I have single cell RNA-seq reads (from 10x Chromium) that have already been pre-processed. The cell-bacode and UMI tag were cut-and-pasted to the header (via umi-tools) and low quality reads were removed. Next, I mapped the reads (with STAR) and isolated the reads from a gene of interest (via samtools). At the end of the day I want to genotype each cell for a specific gene, using the cell-barcode and UMI pair, and call variants.
How do I split the BAM file into separate BAM files based on the cell-barcode and UMI pair? In other words, I want a bam file of aligned reads with the same cell-barcode and UMI pair.
Thank you!
You really want your data split into hundreds of thousands of files?
There are only about 50 cell barcodes in my gene/region of interest.

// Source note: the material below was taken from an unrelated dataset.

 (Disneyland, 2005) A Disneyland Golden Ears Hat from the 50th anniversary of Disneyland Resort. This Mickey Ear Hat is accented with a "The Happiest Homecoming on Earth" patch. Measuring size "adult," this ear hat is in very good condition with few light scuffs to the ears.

So it would be about 50-70 files.
I should clarify I used samtools to only grab the portion of the bam file with alignments to one gene.
Okay, so 50 cell barcodes times, 20 UMIs per sample? A thousand files, are you sure this is helpful? 10xgenomics software will tag every read with cell barcode and gene, why can't you make use of that?

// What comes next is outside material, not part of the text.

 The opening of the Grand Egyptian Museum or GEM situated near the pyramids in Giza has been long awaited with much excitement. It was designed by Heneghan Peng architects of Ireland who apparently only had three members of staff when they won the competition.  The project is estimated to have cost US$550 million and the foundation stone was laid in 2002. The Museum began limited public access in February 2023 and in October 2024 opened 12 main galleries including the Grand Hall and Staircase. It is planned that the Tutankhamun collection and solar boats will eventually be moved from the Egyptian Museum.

Sorry for the late reply! I am using the 10x cell barcode tags, they are now placed in the read headers. I cut out the tags because I do not want misalignments caused by the cell barcode and UMI tags.
Are you sure that your UMIs are in the read, and not in read 2? Why isn't the software 10xGenomics makes appropriate for what you are doing?
Did you find a solution for this? I have also generated R2.fastq files tagged with the cell-barcode and UMI (using UMI tools) and mapped the reads (with STAR). The resulting bam files contain the cell barcode in the alignments and I would like to split the alignments for the different cells to perform variant calling. Thanks!